Gemma mendengarkan dengan seksama, akan tetapi tangannya sembari memotong kue di depannya hingga berbentuk potongan-potongan kecil.

“Most of them say I’m a boring person, don’t you think so?”

Jika sedari tadi hatinya dipenuhi dengan kupu-kupu yang beterbangan karena debaran jantungnya yang semakin kencang terutama ketika menatap Rakyan, kini yang dirasakannya adalah simpati yang amat dalam. Bagaimana bisa seseorang yang nyaris sempurna di matanya merasa begitu insecure? Being plain and straightforward doesn’t always mean boring, sometimes, it means you know what you want and focus your energy on that.

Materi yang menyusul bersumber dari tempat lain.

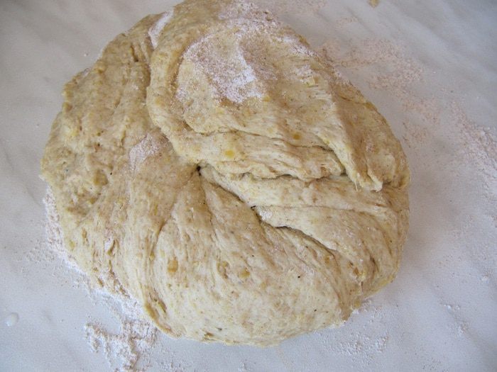 Выложите тесто на стол присыпанной мукой. Намажьте руки маслом, чтобы тесто не прилипало и месите тесто.

“Nggak. Menurut saya, artinya Mas Rakyan justru mengenal diri sendiri dengan baik. You know what you want and what you don’t want, dan justru nggak membuang waktu untuk ngurusin hal-hal yang jelas-jelas Mas Rakyan nggak suka. It’s admirable tahu Mas. Kebanyakan orang-orang seumur Mas Rakyan, atau saya, bukannya masih di fase yang belum tahu apa yang kita mau? Jadi, kalau Mas Rakyan justru udah tahu, bukannya hebat?”

Dan, ketika Gemma mendorong piring Chocolate Devil Cake yang sudah ia potong-potong ke arah Rakyan, sembari memberi gestur agar Rakyan mencobanya, lelaki itu terhenyak. For the first time, in a very long time, Rakyan merasa dimengerti, dipahami, dan yang paling utama, taken care of. Seketika bahunya terasa ringan. Tanpa sadar selama ini ia sudah menanggung beban yang cukup berat di sana. Mendorong dirinya setiap hari untuk menjadi pribadi yang lebih, baik dari segi pekerjaan maupun pencapaian. Ternyata, Rakyan lelah, dan Gemma, tanpa banyak usaha, berhasil membagi bebannya hanya dengan sebuah gestur sederhana.